HMC: Euclidian Metric

Euclidian Metric (also known as mass matrix) is one of the tuned parameters for hmc algorithm. See hmc-algorithm-parameters.

Two examples are shown where it is possible to use pre-tuned metric-matrix with other pre-tuned parameters.

Example 1: (pseudo-)continue sampling

The first example shows an example how to (pseudo-)continue chains to get more draws to old fit. The method is described as pseudo due to fact that continued sampling does not equal sampling done in one step. With user provided seed, this procedure is reproducible. This procedure needs some manual processing and ArviZ is recommended for further analysis. To make this reproducible, user can manually set seed for each fit.

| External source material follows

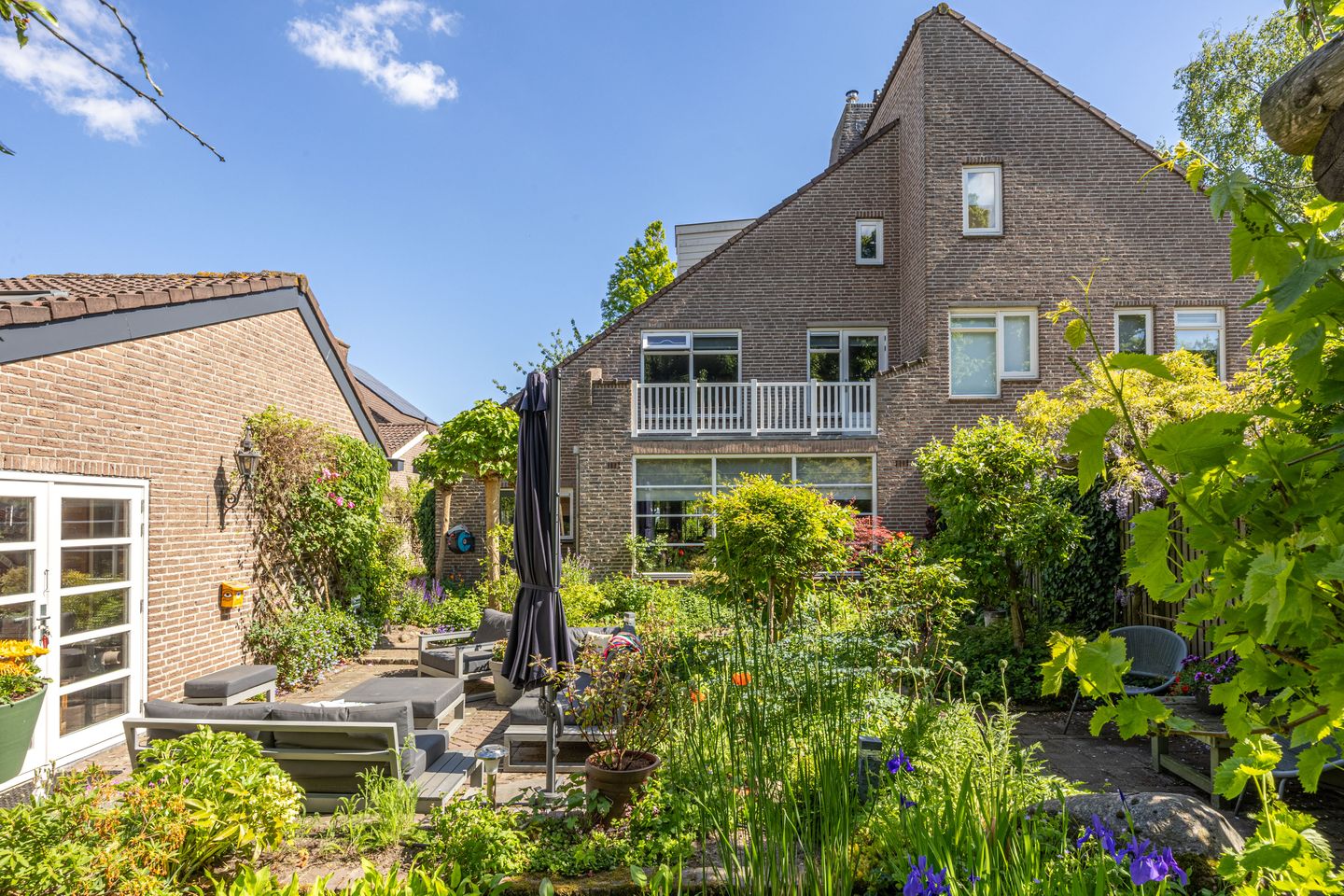 Via de keuken stap je direct de heerlijke, groene achtertuin in, waar rust en privacy centraal staan. De oorspronkelijke grote vrijstaande garage is deels omgetoverd tot een ruime berging en een fraai tuinhuis. Het tuinhuis biedt een fijne plek om ook op minder zonnige dagen te genieten van de omgeving.

from pystan import StanModel
from pystan.constants import MAX_UINT

# bernoulli model
model_code = """
    data {
      int<lower=0> N;
      int<lower=0,upper=1> y[N];
    }
    parameters {
      real<lower=0,upper=1> theta;
    }
    model {
      theta ~ beta(0.5, 0.5);  // Jeffreys' prior
      for (n in 1:N)
        y[n] ~ bernoulli(theta);
    }
"""

data = dict(N=10, y=[0, 1, 0, 1, 0, 1, 0, 1, 1, 1])
sm = StanModel(model_code=model_code)
# initial seed can also be chosen by user
# MAX_UINT = 2147483647
seed = np.random.randint(0, MAX_UINT, size=1)
fit = sm.sampling(data=data, seed=seed)

# reuse tuned parameters
stepsize = fit.get_stepsize()
# by default .get_inv_metric returns a list
inv_metric = fit.get_inv_metric(as_dict=True)
init = fit.get_last_position()

# increment seed by 1
seed2 = seed + 1

control = {"stepsize" : stepsize,
           "inv_metric" : inv_metric,
           "adapt_engaged" : False
           }
fit2 = sm.sampling(data=data,
                   warmup=0,
                   iter=1000,
                   control=control,
                   init=init,
                   seed=seed2)

User needs to combine the draws manually. This can be done with numpy.concatenate or with arviz.concat with dim="draw" option. Combined draws can be further analyzed with ArviZ.

Case 1: numpy.concatenate

# combine arrays with numpy
extract1 = fit1.extract()
extract2 = fit2.extract()

combined = {}
for key in extract1.keys():
    arr1 = extract1[key]
    arr2 = extract2[key]
    combined[key] = np.concatenate((arr1, arr2), axis=0)

import arviz as az
# transform shape order from (draw, chain, *shape) to (chain, draw, *shape)
for key in combined.items():
    combined[key] = np.swapaxes(combined[key], 0, 1)
inference_data = az.from_dict(posterior=combined)

# summary
summary = az.summary(inference_data, index_origin=1)
print(summary) # pandas.DataFrame

# traceplot
az.plot_trace(inference_data)

Case 2: arviz.concat

# Needs ArviZ version 0.4.2+
import arviz as az
# create InferenceData objects
inference_data1 = az.from_pystan(fit1)
inference_data2 = az.from_pystan(fit2)

inference_data = az.concat(inference_data1, inference_data2, dim="draw")

# summary
summary = az.summary(inference_data, index_origin=1)
print(summary) # pandas.DataFrame'

# traceplot
az.plot_trace(inference_data)

Example 2: Pretune hmc parameters

The seconds example goes through the process how to use pre-tuned variables. With large and slow models, it is sometimes convenient to reuse the prelearned tuning parameters. This enables user to skip warmup period for new chains. Example code will first run warmup for one chain and then reuse the inverse metric matrix, stepsize and last sample location for further chains.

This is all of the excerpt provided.